4. In hoger beroep heeft appellant onder bijvoeging van het huisartsenjournaal aangevoerd dat zijn klachten zijn onderschat en tevens dat hij gelet op zijn beperkingen, niet in staat is om de geselecteerde functies te verrichten.
5. De Raad overweegt als volgt.
5.1. Hetgeen appellant in hoger beroep heeft aangevoerd bevat geen aanknopingspunten om over de medische grondslag van het bestreden besluit tot een ander oordeel te komen dan de rechtbank. De Raad heeft dan ook geen aanleiding te twijfelen aan de juistheid van de aan het bestreden besluit mede ten grondslag gelegde conclusie van de bezwaarverzekeringsarts van het Uwv. De in hoger beroep genoemde angststoornissen zoals die zouden blijken uit de informatie van de NOAGG, zijn door de bezwaarverzekeringsarts uitdrukkelijk in de beoordeling betrokken, zoals blijkt uit de rapportage van bezwaarverzekeringsarts Tjon-A-Sam van 10 januari 2011. Appellant heeft ook in hoger beroep niet aannemelijk gemaakt dat er aanleiding is voor twijfel met betrekking tot de bij hem vastgestelde belastbaarheid, zoals is neergelegd in de Functionele Mogelijkheden Lijst. Dat appellant zich onlangs weer tot een psychiater heeft gewend, zoals door hem ter zitting van de Raad is meegedeeld, leidt niet tot een ander oordeel, nu thans de mate van arbeidsongeschiktheid per 16 mei 2010 in geding is.

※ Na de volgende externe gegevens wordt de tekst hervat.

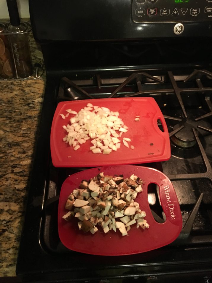 use-3 Sam Crainich, a senior film production major, chopped onions and mushrooms for a vegan you fan (Taiwanese oily rice).
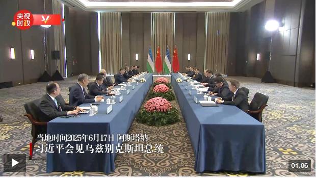 當(dāng)?shù)貢r間6月17日上午,國家主席習(xí)近平在阿斯塔納出席第二屆中國-中亞峰會期間會見烏茲別克斯坦總統(tǒng)米爾濟約耶夫。
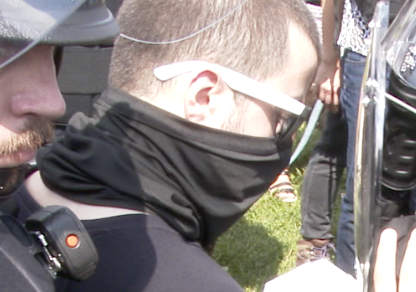 More vid from yesterday: Man with a raccoon hat (which he wanted to be very clear is different than Viking attire or felt) showed up at the "Justice for J6" event and was confronted by counter-protester and press.
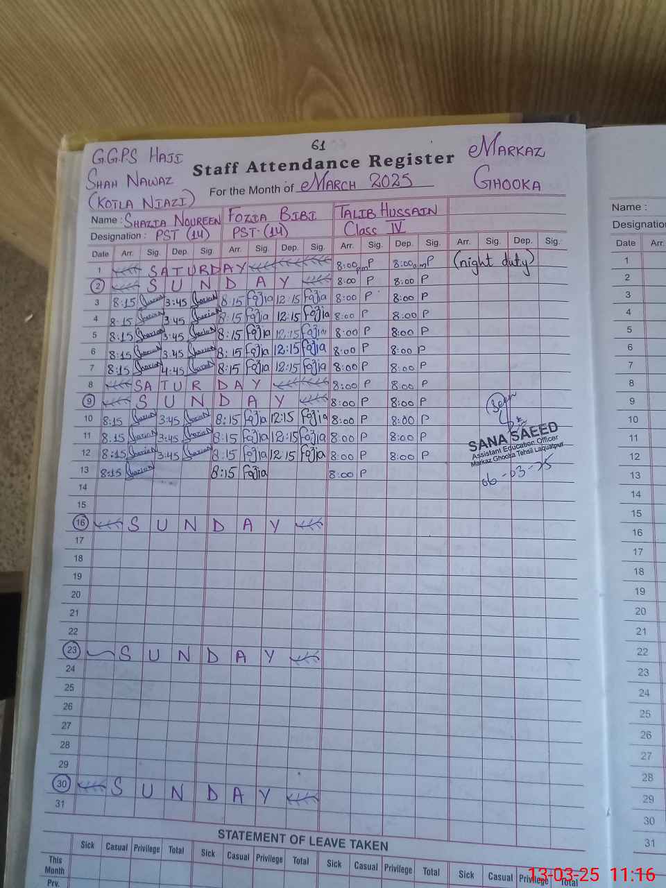 | Name: Sh**** No**** Designation: (School Headmaster's/Headmistress's) PST Phone/Cell Number: 03**** |

5.2. Uitgaande van de juistheid van de met betrekking tot appellant vastgestelde medische beperkingen is er geen aanleiding om te oordelen dat de aan de schatting ten grondslag gelegde functies als voor appellant in medisch opzicht niet als geschikt kunnen worden aangemerkt. In de arbeidskundige rapporten van 15 oktober 2010 en 12 januari 2011 zijn de signaleringen voorkomend in het resultaat functiebeoordeling van de geselecteerde functies, voorzien van een toereikende en inzichtelijke toelichting.

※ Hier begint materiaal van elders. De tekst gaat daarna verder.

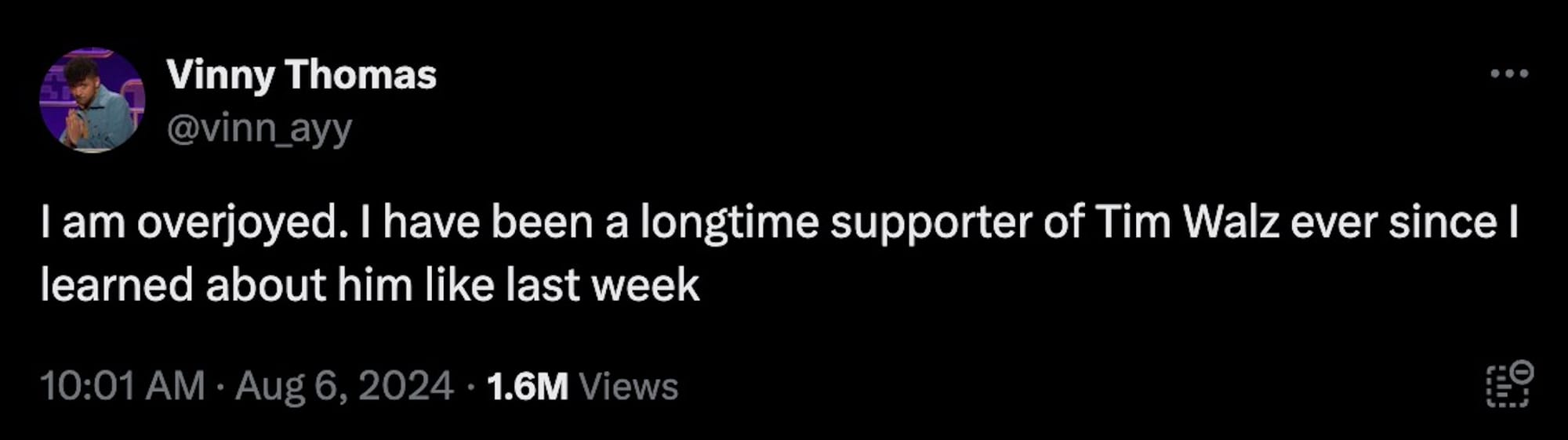 This is all good news for Democrats, and really anyone who hopes that the nation's next leader is not a convicted felon or ursine litterbug with brain worms. Walz seems like a pretty good dude, all things considered. But enough with the politics and platforms — let's get to the real question: How are the memes?

5.3. Uit hetgeen onder 5.1 en 5.2 is overwogen volgt dat het hoger beroep niet slaagt en dat de aangevallen uitspraak dient te worden bevestigd.
6. Er is geen aanleiding voor een proceskostenveroordeling.
BESLISSING
De Centrale Raad van Beroep bevestigt de aangevallen uitspraak.
Deze uitspraak is gedaan door M.C. Bruning als voorzitter en E.J. Govaers en J.S. van der Kolk als leden, in tegenwoordigheid van K.E. Haan als griffier. De beslissing is uitgesproken in het openbaar op 8 maart 2013.